## [Description of the task]
Return all of the data below verbatim and exclude every picture.

+++

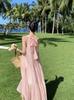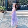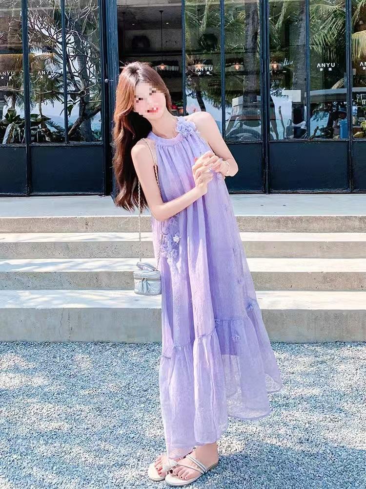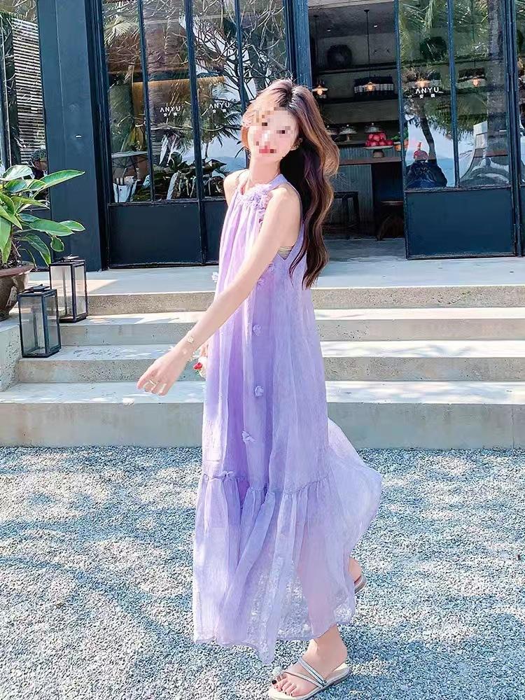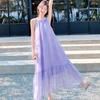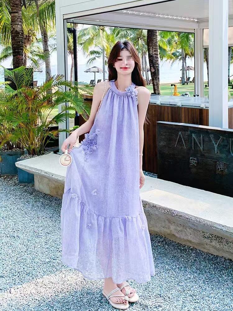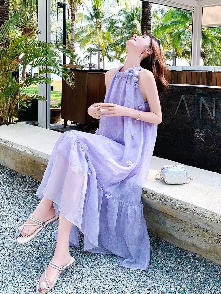 Vestido Lacio Morado Estilo Vacacional con Cuello Halter, Diseño Holgado y Falda Larga Francesa sin Mangas Adelgazante
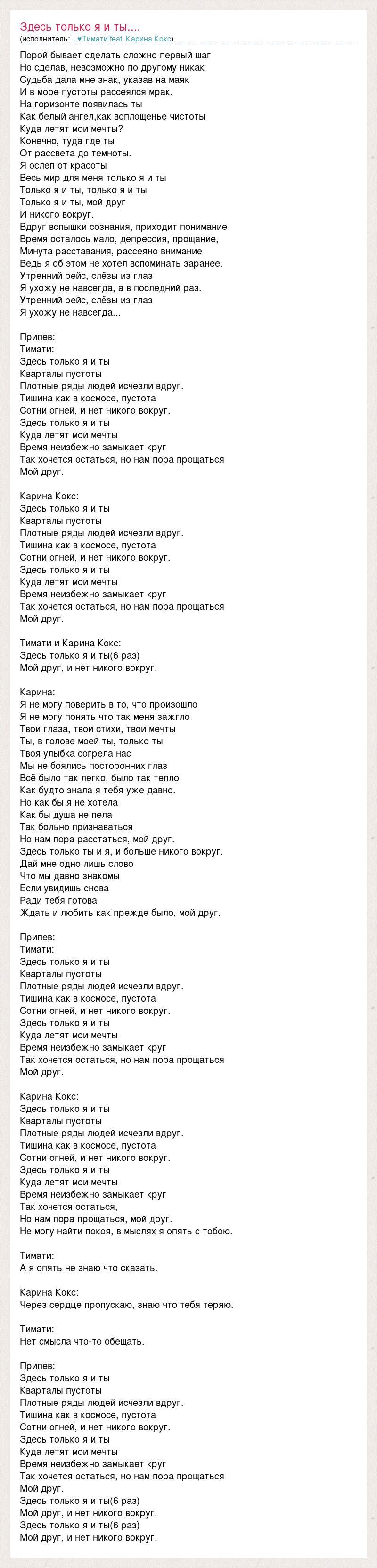 Порой бывает сделать сложно первый шаг Но сделав, невозможно по другому никак Судьба дала мне знак, указав на маяк И в море пустоты рассеялся мрак. На горизонте появилась ты Как белый ангел,как воплощенье чистоты Куда летят мои мечты? Конечно, туда где ты От рассвета до темноты. Я ослеп от красоты Весь мир для меня только я и ты Только я и ты, только я и ты Только я и ты, мой друг И никого вокруг. Вдруг вспышки сознания, приходит понимание Время осталось мало, депрессия, прощание, Минута расставания, рассеяно внимание Ведь я об этом не хотел вспоминать заранее. Утренний рейс, слёзы из глаз Я ухожу не навсегда, а в последний раз. Утренний рейс, слёзы из глаз Я ухожу не навсегда... Припев: Тимати: Здесь только я и ты Кварталы пустоты Плотные ряды людей исчезли вдруг. Тишина как в космосе, пустота Сотни огней, и нет никого вокруг. Здесь только я и ты Куда летят мои мечты Время неизбежно замыкает круг Так хочется остаться, но нам пора прощаться Мой друг. Карина Кокс: Здесь только я и ты Кварталы пустоты Плотные ряды людей исчезли вдруг. Тишина как в космосе, пустота Сотни огней, и нет никого вокруг. Здесь только я и ты Куда летят мои мечты Время неизбежно замыкает круг Так хочется остаться, но нам пора прощаться Мой друг. Тимати и Карина Кокс: Здесь только я и ты(6 раз) Мой друг, и нет никого вокруг. Карина: Я не могу поверить в то, что произошло Я не могу понять что так меня зажгло Твои глаза, твои стихи, твои мечты Ты, в голове моей ты, только ты Твоя улыбка согрела нас Мы не боялись посторонних глаз Всё было так легко, было так тепло Как будто знала я тебя уже давно. Но как бы я не хотела Как бы душа не пела Так больно признаваться Но нам пора расстаться, мой друг. Здесь только ты и я, и больше никого вокруг. Дай мне одно лишь слово Что мы давно знакомы Если увидишь снова Ради тебя готова Ждать и любить как прежде было, мой друг. Припев: Тимати: Здесь только я и ты Кварталы пустоты Плотные ряды людей исчезли вдруг. Тишина как в космосе, пустота Сотни огней, и нет никого вокруг. Здесь только я и ты Куда летят мои мечты Время неизбежно замыкает круг Так хочется остаться, но нам пора прощаться Мой друг. Карина Кокс: Здесь только я и ты Кварталы пустоты Плотные ряды людей исчезли вдруг. Тишина как в космосе, пустота Сотни огней, и нет никого вокруг. Здесь только я и ты Куда летят мои мечты Время неизбежно замыкает круг Так хочется остаться, Но нам пора прощаться, мой друг. Не могу найти покоя, в мыслях я опять с тобою. Тимати: А я опять не знаю что сказать. Карина Кокс: Через сердце пропускаю, знаю что тебя теряю. Тимати: Нет смысла что-то обещать. Припев: Здесь только я и ты Кварталы пустоты Плотные ряды людей исчезли вдруг. Тишина как в космосе, пустота Сотни огней, и нет никого вокруг. Здесь только я и ты Куда летят мои мечты Время неизбежно замыкает круг Так хочется остаться, но нам пора прощаться Мой друг. Здесь только я и ты(6 раз) Мой друг, и нет никого вокруг. Здесь только я и ты(6 раз) Мой друг, и нет никого вокруг.
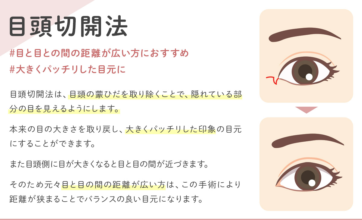 目頭の蒙古ヒダの状態がポイントになります。平行型の二重を作るにはある程度幅の広い二重が必要になることが多いです。そのときに、蒙古ヒダのつっぱりが強い方の場合は不自然なラインが入ってしまうことがあります。その場合は目頭切開を併用すると問題が解決することがあります。具体的な事は診察をさせて頂いてからになりますので、よろしければ一度診察を受けてください。
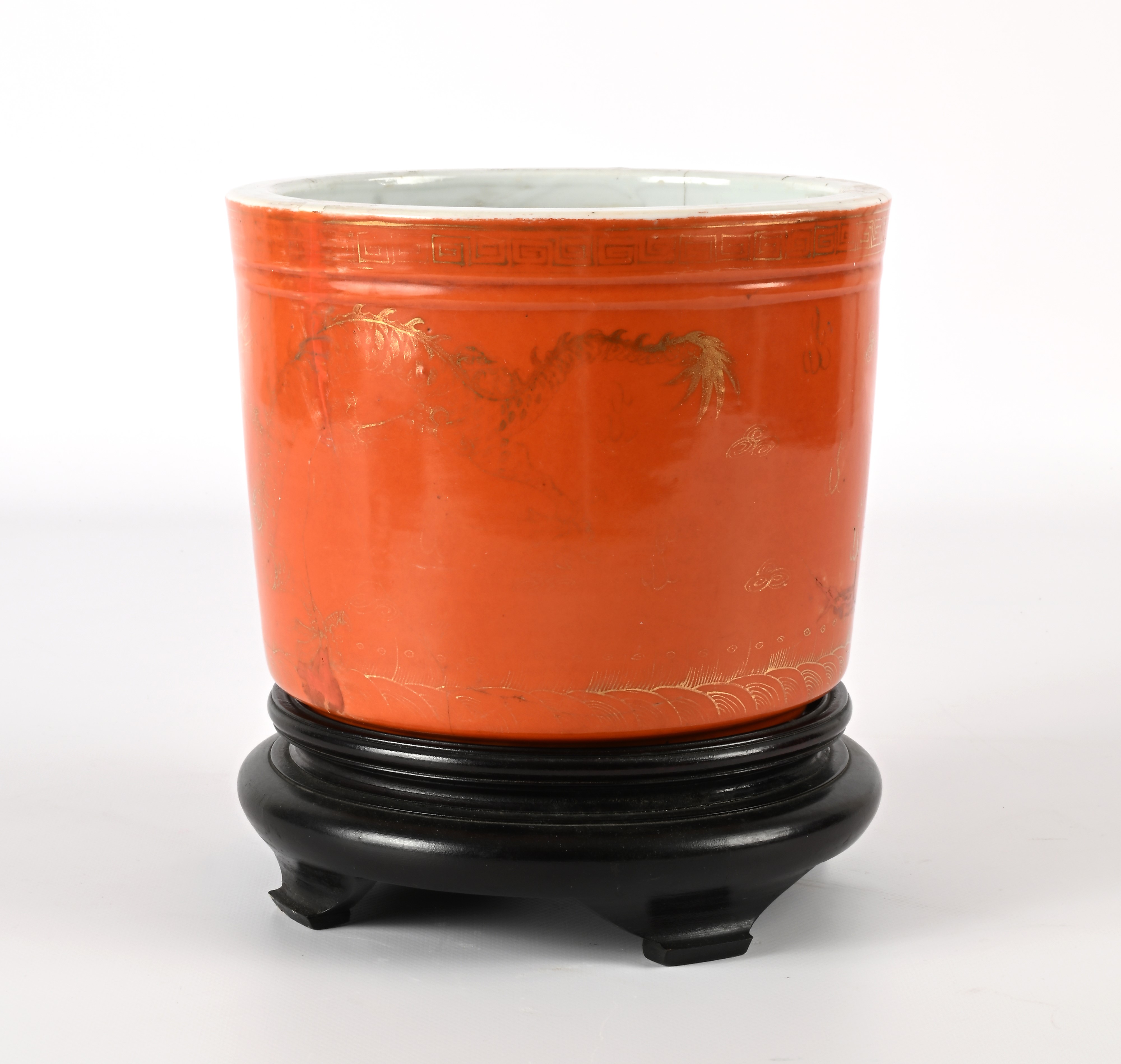 Cache-pot in porcellana rosso ferro con lumeggiature dorate, Cina, XVIII secolo
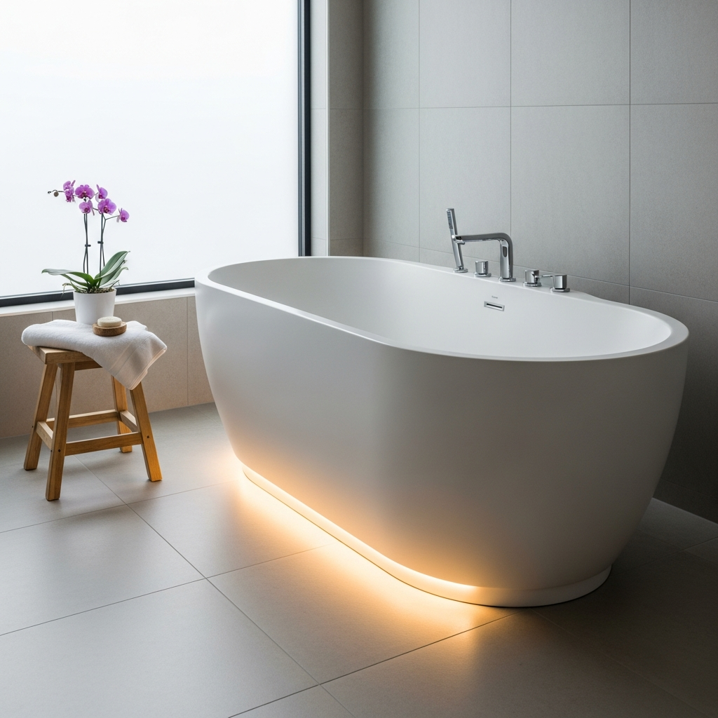 Envision a contemporary tub with discreet LED strips illuminating its base or edges, casting a soft glow. The tub itself could be a simple, clean form in white or a translucent material. The lighting can be adjustable, allowing for different color temperatures or hues. The mood is ethereal, calming, and truly transformative.
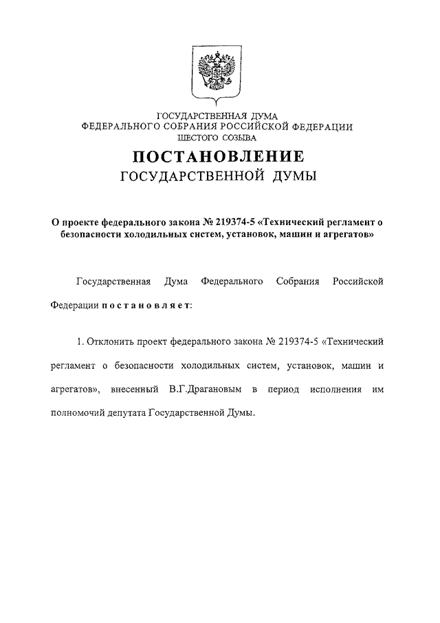 "О ПРОЕКТЕ ФЕДЕРАЛЬНОГО ЗАКОНА N 219374-5 "ТЕХНИЧЕСКИЙ РЕГЛАМЕНТ О БЕЗОПАСНОСТИ ХОЛОДИЛЬНЫХ СИСТЕМ, УСТАНОВОК, МАШИН И АГРЕГАТОВ"
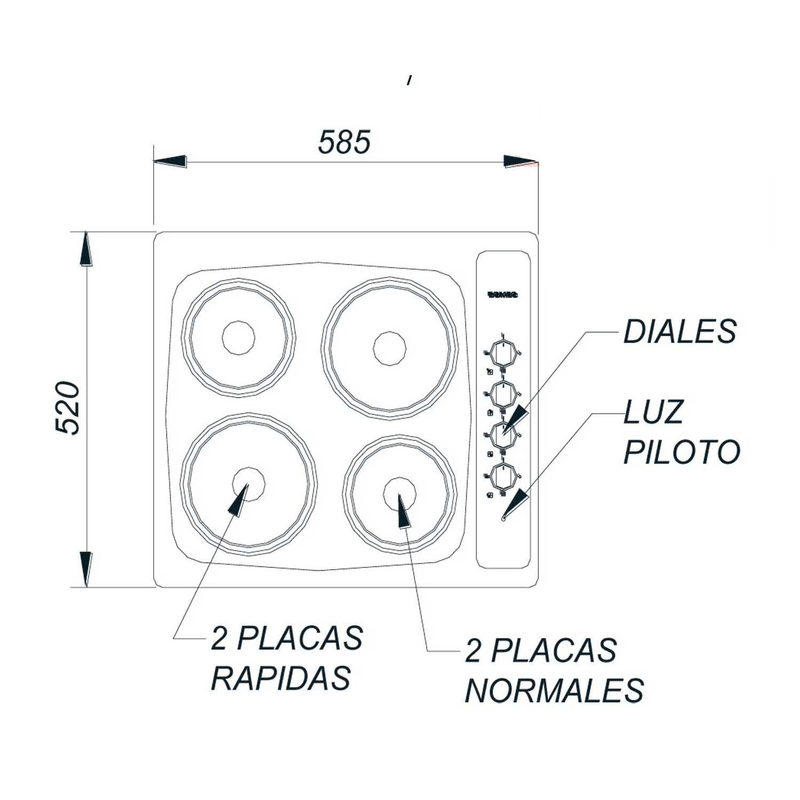 ANAFE ELECTRICO DOMEC AEXG 4 HORNALLAS ACERO INOXIDABLE
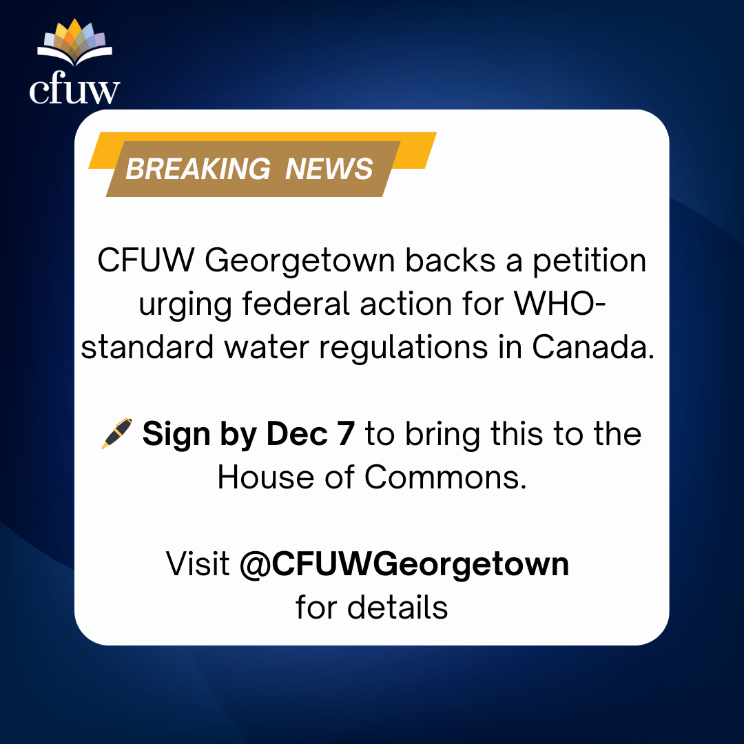 🖊️ Visit – @CFUWGeorgetown and sign the petition by December 7 to ensure it reaches the House of Commons for a response. Together, we can advocate for safe, regulated drinking water for all Canadians!
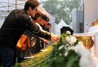 해군 초계함 천안함 침몰로 희생당한 46용사에 대한 '해군장'이 3일째 치러지고 있는 가운데 서울광장 합동분향소를 찾는 조문객들의 발길이 잦아지고 있다. 서울시 공식집계에 따르면 26일 자정 기준으로 1만492명이 다녀간 것으로 집계됐다. 순국용사들의 넋을 기리는 행렬

+++

## [Result]
 Vestido Lacio Morado Estilo Vacacional con Cuello Halter, Diseño Holgado y Falda Larga Francesa sin Mangas Adelgazante
 Порой бывает сделать сложно первый шаг Но сделав, невозможно по другому никак Судьба дала мне знак, указав на маяк И в море пустоты рассеялся мрак. На горизонте появилась ты Как белый ангел,как воплощенье чистоты Куда летят мои мечты? Конечно, туда где ты От рассвета до темноты. Я ослеп от красоты Весь мир для меня только я и ты Только я и ты, только я и ты Только я и ты, мой друг И никого вокруг. Вдруг вспышки сознания, приходит понимание Время осталось мало, депрессия, прощание, Минута расставания, рассеяно внимание Ведь я об этом не хотел вспоминать заранее. Утренний рейс, слёзы из глаз Я ухожу не навсегда, а в последний раз. Утренний рейс, слёзы из глаз Я ухожу не навсегда... Припев: Тимати: Здесь только я и ты Кварталы пустоты Плотные ряды людей исчезли вдруг. Тишина как в космосе, пустота Сотни огней, и нет никого вокруг. Здесь только я и ты Куда летят мои мечты Время неизбежно замыкает круг Так хочется остаться, но нам пора прощаться Мой друг. Карина Кокс: Здесь только я и ты Кварталы пустоты Плотные ряды людей исчезли вдруг. Тишина как в космосе, пустота Сотни огней, и нет никого вокруг. Здесь только я и ты Куда летят мои мечты Время неизбежно замыкает круг Так хочется остаться, но нам пора прощаться Мой друг. Тимати и Карина Кокс: Здесь только я и ты(6 раз) Мой друг, и нет никого вокруг. Карина: Я не могу поверить в то, что произошло Я не могу понять что так меня зажгло Твои глаза, твои стихи, твои мечты Ты, в голове моей ты, только ты Твоя улыбка согрела нас Мы не боялись посторонних глаз Всё было так легко, было так тепло Как будто знала я тебя уже давно. Но как бы я не хотела Как бы душа не пела Так больно признаваться Но нам пора расстаться, мой друг. Здесь только ты и я, и больше никого вокруг. Дай мне одно лишь слово Что мы давно знакомы Если увидишь снова Ради тебя готова Ждать и любить как прежде было, мой друг. Припев: Тимати: Здесь только я и ты Кварталы пустоты Плотные ряды людей исчезли вдруг. Тишина как в космосе, пустота Сотни огней, и нет никого вокруг. Здесь только я и ты Куда летят мои мечты Время неизбежно замыкает круг Так хочется остаться, но нам пора прощаться Мой друг. Карина Кокс: Здесь только я и ты Кварталы пустоты Плотные ряды людей исчезли вдруг. Тишина как в космосе, пустота Сотни огней, и нет никого вокруг. Здесь только я и ты Куда летят мои мечты Время неизбежно замыкает круг Так хочется остаться, Но нам пора прощаться, мой друг. Не могу найти покоя, в мыслях я опять с тобою. Тимати: А я опять не знаю что сказать. Карина Кокс: Через сердце пропускаю, знаю что тебя теряю. Тимати: Нет смысла что-то обещать. Припев: Здесь только я и ты Кварталы пустоты Плотные ряды людей исчезли вдруг. Тишина как в космосе, пустота Сотни огней, и нет никого вокруг. Здесь только я и ты Куда летят мои мечты Время неизбежно замыкает круг Так хочется остаться, но нам пора прощаться Мой друг. Здесь только я и ты(6 раз) Мой друг, и нет никого вокруг. Здесь только я и ты(6 раз) Мой друг, и нет никого вокруг.
 目頭の蒙古ヒダの状態がポイントになります。平行型の二重を作るにはある程度幅の広い二重が必要になることが多いです。そのときに、蒙古ヒダのつっぱりが強い方の場合は不自然なラインが入ってしまうことがあります。その場合は目頭切開を併用すると問題が解決することがあります。具体的な事は診察をさせて頂いてからになりますので、よろしければ一度診察を受けてください。
 Cache-pot in porcellana rosso ferro con lumeggiature dorate, Cina, XVIII secolo
 Envision a contemporary tub with discreet LED strips illuminating its base or edges, casting a soft glow. The tub itself could be a simple, clean form in white or a translucent material. The lighting can be adjustable, allowing for different color temperatures or hues. The mood is ethereal, calming, and truly transformative.
 "О ПРОЕКТЕ ФЕДЕРАЛЬНОГО ЗАКОНА N 219374-5 "ТЕХНИЧЕСКИЙ РЕГЛАМЕНТ О БЕЗОПАСНОСТИ ХОЛОДИЛЬНЫХ СИСТЕМ, УСТАНОВОК, МАШИН И АГРЕГАТОВ"
 ANAFE ELECTRICO DOMEC AEXG 4 HORNALLAS ACERO INOXIDABLE
 🖊️ Visit – @CFUWGeorgetown and sign the petition by December 7 to ensure it reaches the House of Commons for a response. Together, we can advocate for safe, regulated drinking water for all Canadians!
 해군 초계함 천안함 침몰로 희생당한 46용사에 대한 '해군장'이 3일째 치러지고 있는 가운데 서울광장 합동분향소를 찾는 조문객들의 발길이 잦아지고 있다. 서울시 공식집계에 따르면 26일 자정 기준으로 1만492명이 다녀간 것으로 집계됐다. 순국용사들의 넋을 기리는 행렬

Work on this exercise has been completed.